| Work instruction |
Repeat only the lines below that run from the line with "Ikat-Black-Cotton-Midi-Dress-DS314" to the line with "Il primo panino", ends included; skip every picture.

| Dataset content |
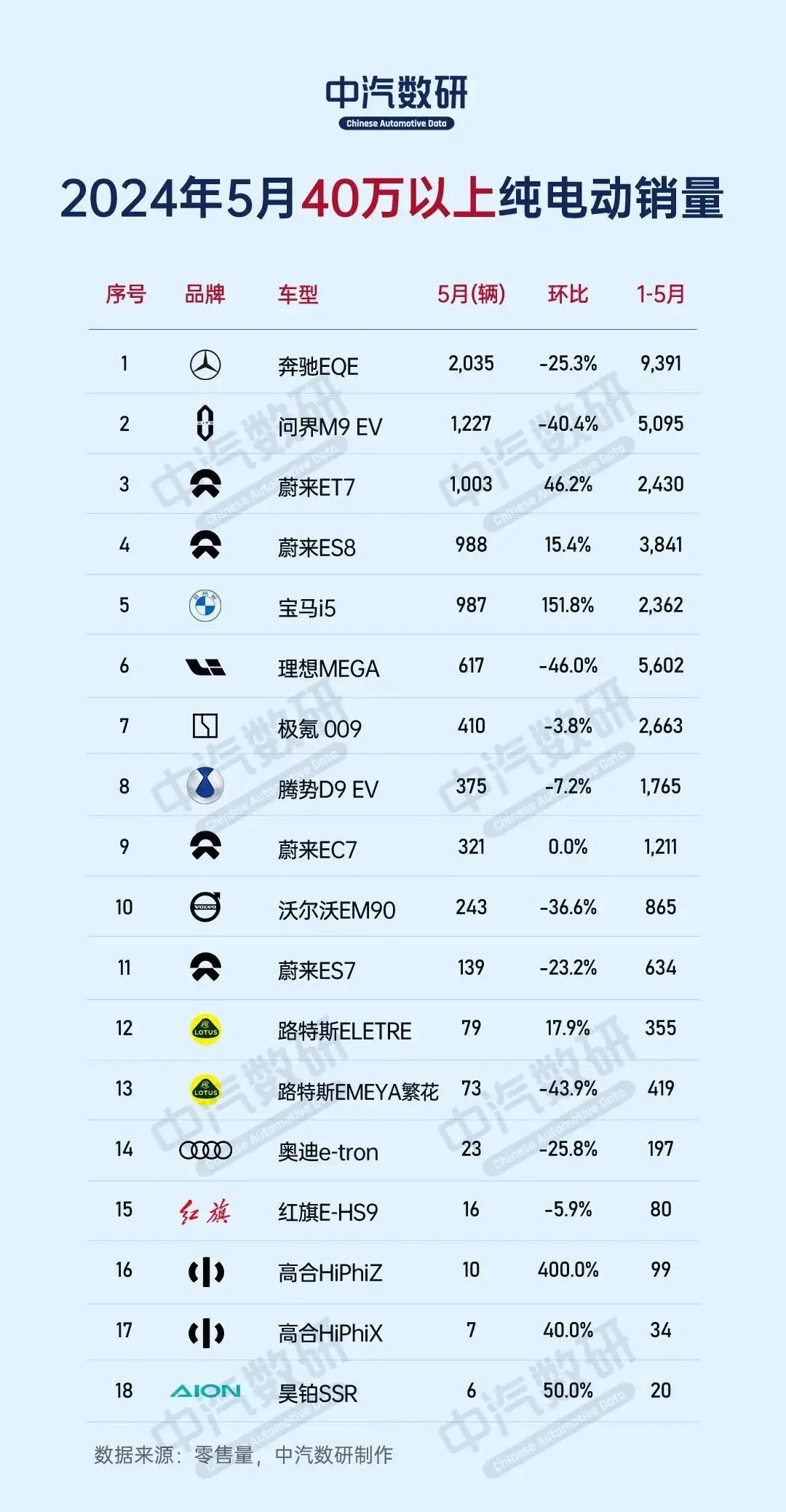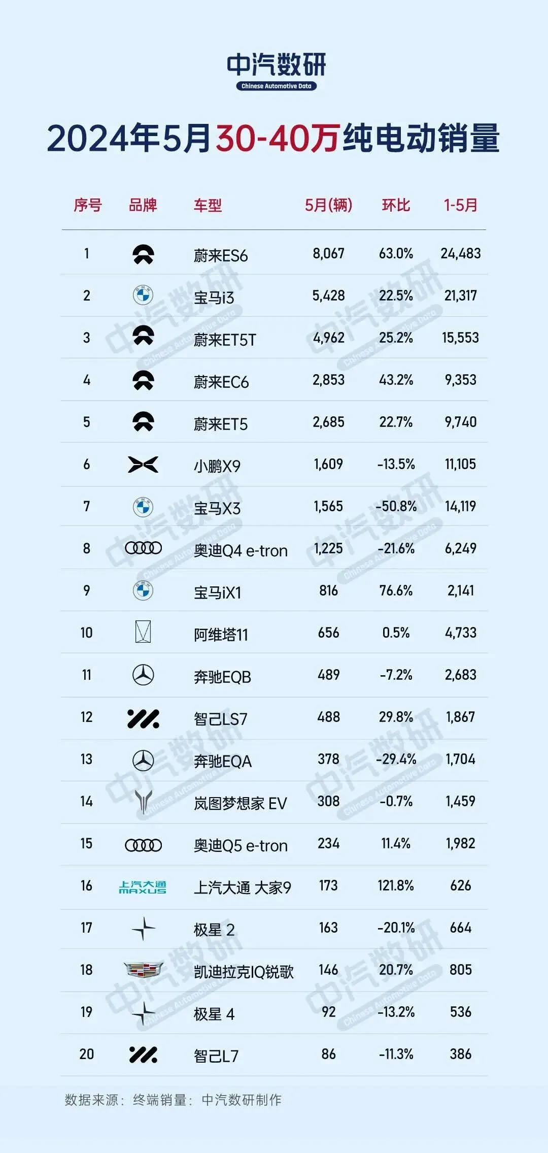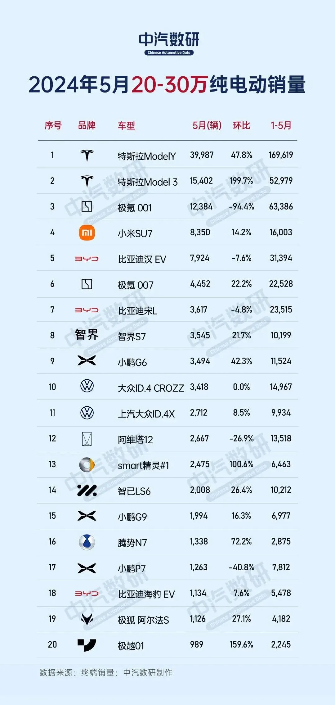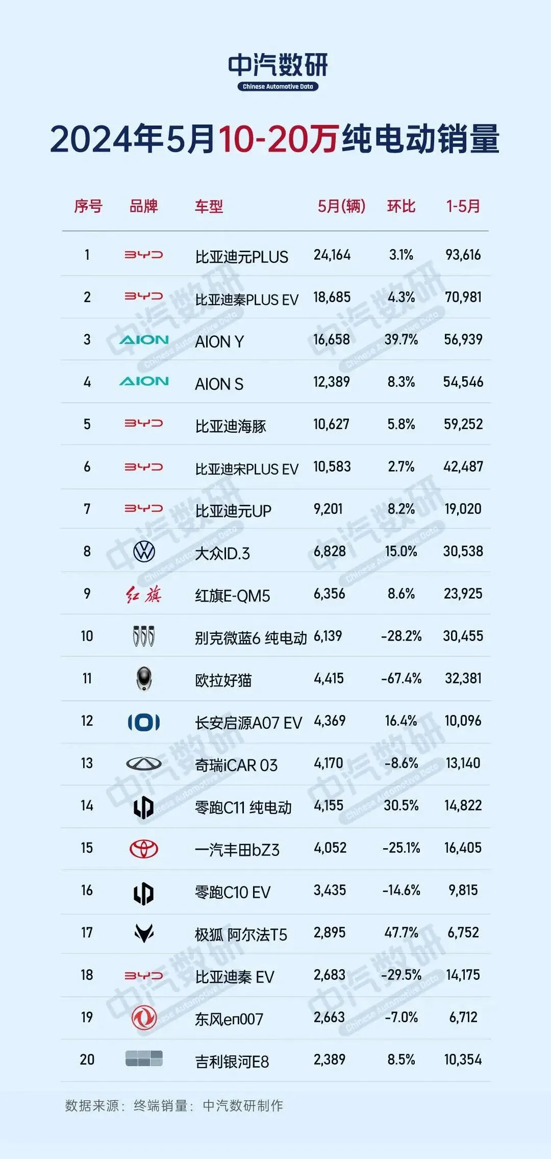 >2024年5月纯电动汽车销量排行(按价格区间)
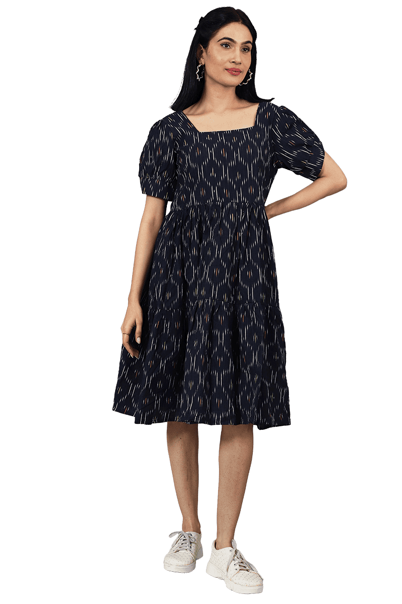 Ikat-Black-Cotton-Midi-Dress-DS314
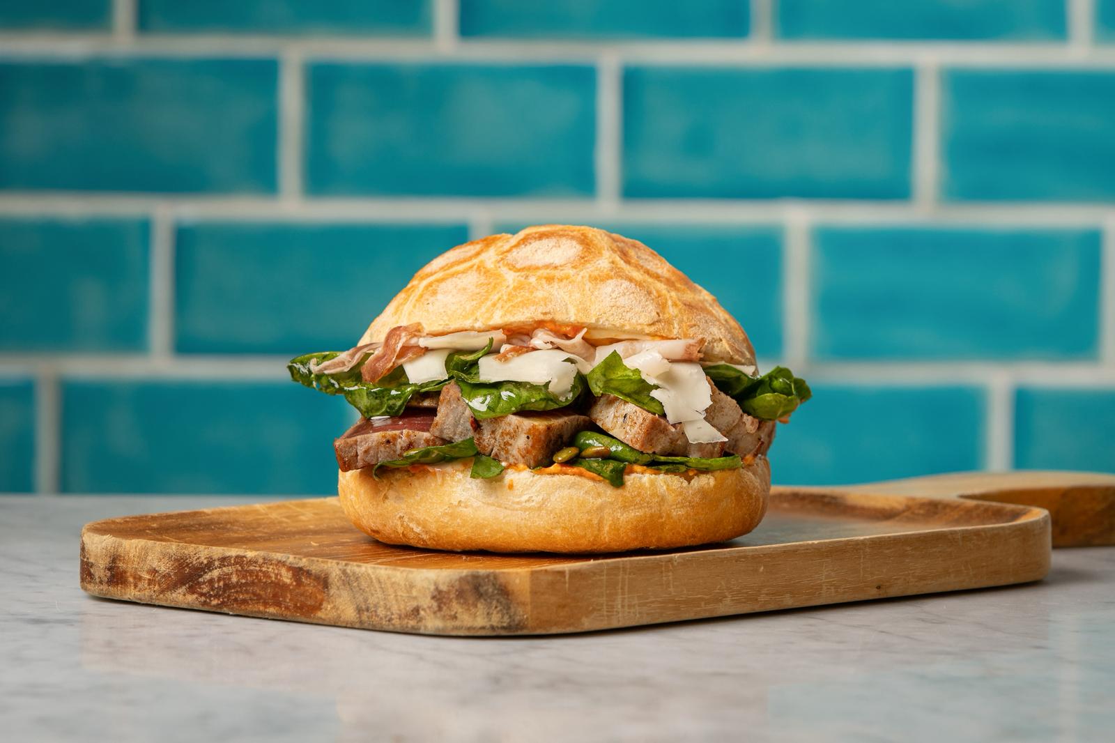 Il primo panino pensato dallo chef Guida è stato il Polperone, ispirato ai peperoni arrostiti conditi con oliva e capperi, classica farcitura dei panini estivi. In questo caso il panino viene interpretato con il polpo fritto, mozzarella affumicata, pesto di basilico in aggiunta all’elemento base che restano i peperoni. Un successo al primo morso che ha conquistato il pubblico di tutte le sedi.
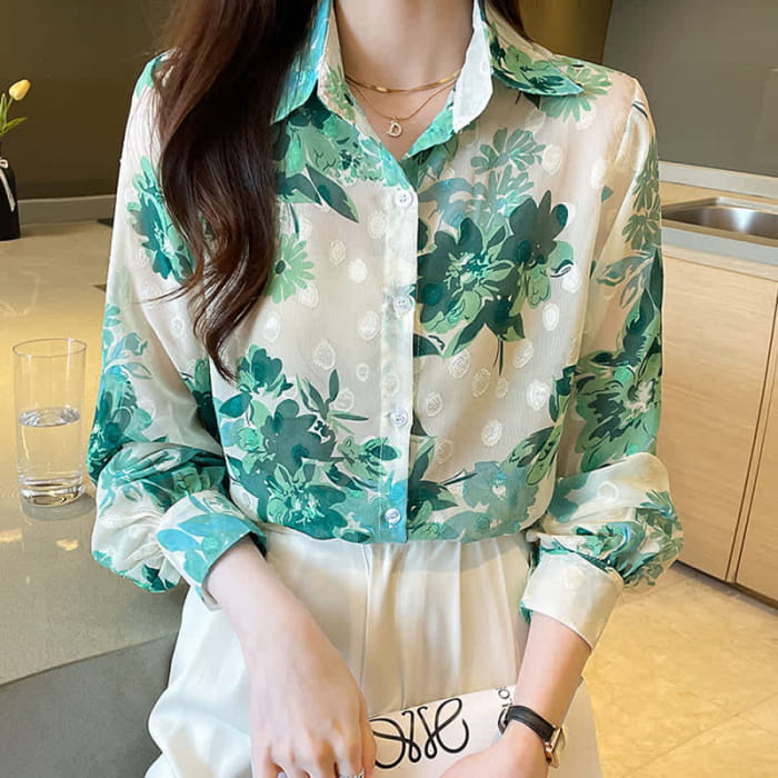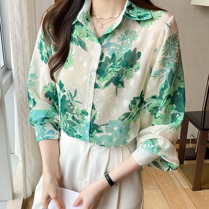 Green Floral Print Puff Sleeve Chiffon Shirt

| Result |
 Ikat-Black-Cotton-Midi-Dress-DS314
 Il primo panino pensato dallo chef Guida è stato il Polperone, ispirato ai peperoni arrostiti conditi con oliva e capperi, classica farcitura dei panini estivi. In questo caso il panino viene interpretato con il polpo fritto, mozzarella affumicata, pesto di basilico in aggiunta all’elemento base che restano i peperoni. Un successo al primo morso che ha conquistato il pubblico di tutte le sedi.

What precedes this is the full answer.